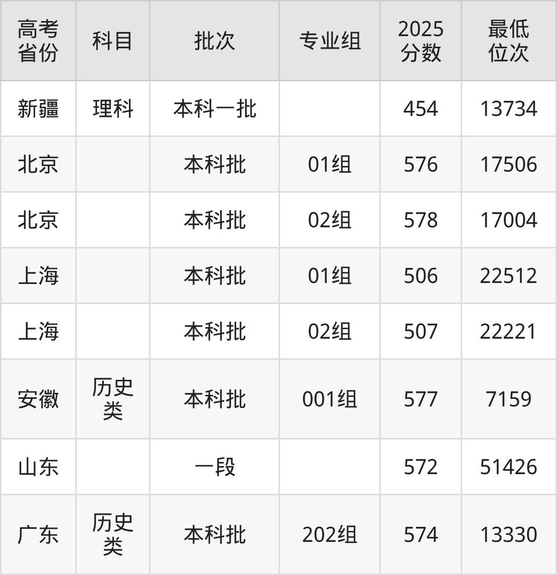 上海音乐学院2025年在全国各省的最低分是454分,在上海招生的最低分是506分、最低位次是22512位,在新疆理科招生的最低分是454分、最低位次是13734位,在北京招生的最低分是576分、最低位次是17506位。
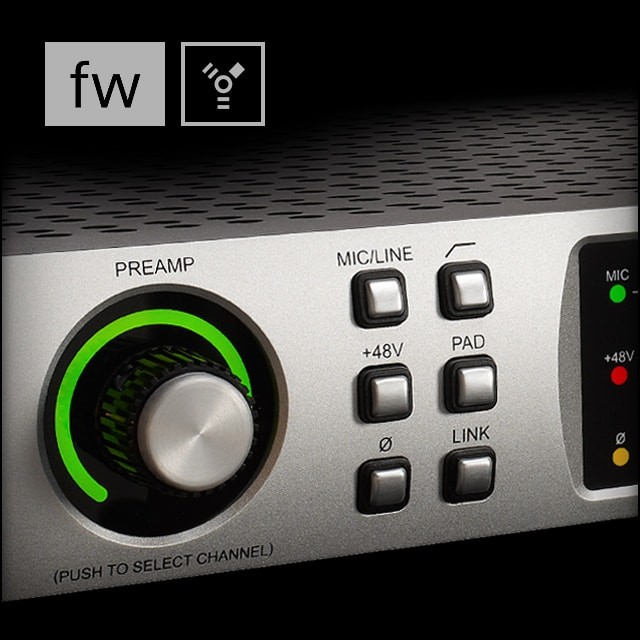 Apollo FireWire features four Unison-enabled mic preamps, letting you track through exacting mic preamp emulations from Neve, API, Manley, and Universal Audio. An Apollo exclusive, Unison technology nails the tone of these sought-after tube and solid state mic pres — including their input impedance, gain stage “sweet spots,” and the component-level circuit behaviors of the original hardware.
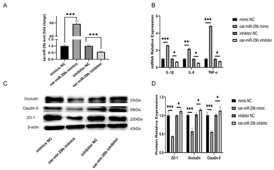 Section 2.7, SBMECs were transfected with either oar-miR-29b mimic or oar-miR-29b inhibitor to achieve gain- or loss-of-function of oar-miR-29b, the expression of inflammatory factor mRNA was detected by q-PCR, and the expression of tight-junction proteins was detected by WB. The results showed that the mRNA levels of inflammatory factors TNF-α, IL-1β, and IL-6 were significantly increased when oar-miR-29b was overexpressed (
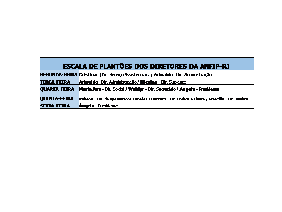 PLANTÕES DOS DIRETORES DA ANFIP-RJ.
──────────
* Exercise aim: What do the lines above say from the line containing "Apollo FireWire features" through the last line? Quote them exactly, both ends included, and leave out the pictures.

* Written solution:
 Apollo FireWire features four Unison-enabled mic preamps, letting you track through exacting mic preamp emulations from Neve, API, Manley, and Universal Audio. An Apollo exclusive, Unison technology nails the tone of these sought-after tube and solid state mic pres — including their input impedance, gain stage “sweet spots,” and the component-level circuit behaviors of the original hardware.
 Section 2.7, SBMECs were transfected with either oar-miR-29b mimic or oar-miR-29b inhibitor to achieve gain- or loss-of-function of oar-miR-29b, the expression of inflammatory factor mRNA was detected by q-PCR, and the expression of tight-junction proteins was detected by WB. The results showed that the mRNA levels of inflammatory factors TNF-α, IL-1β, and IL-6 were significantly increased when oar-miR-29b was overexpressed (
 PLANTÕES DOS DIRETORES DA ANFIP-RJ.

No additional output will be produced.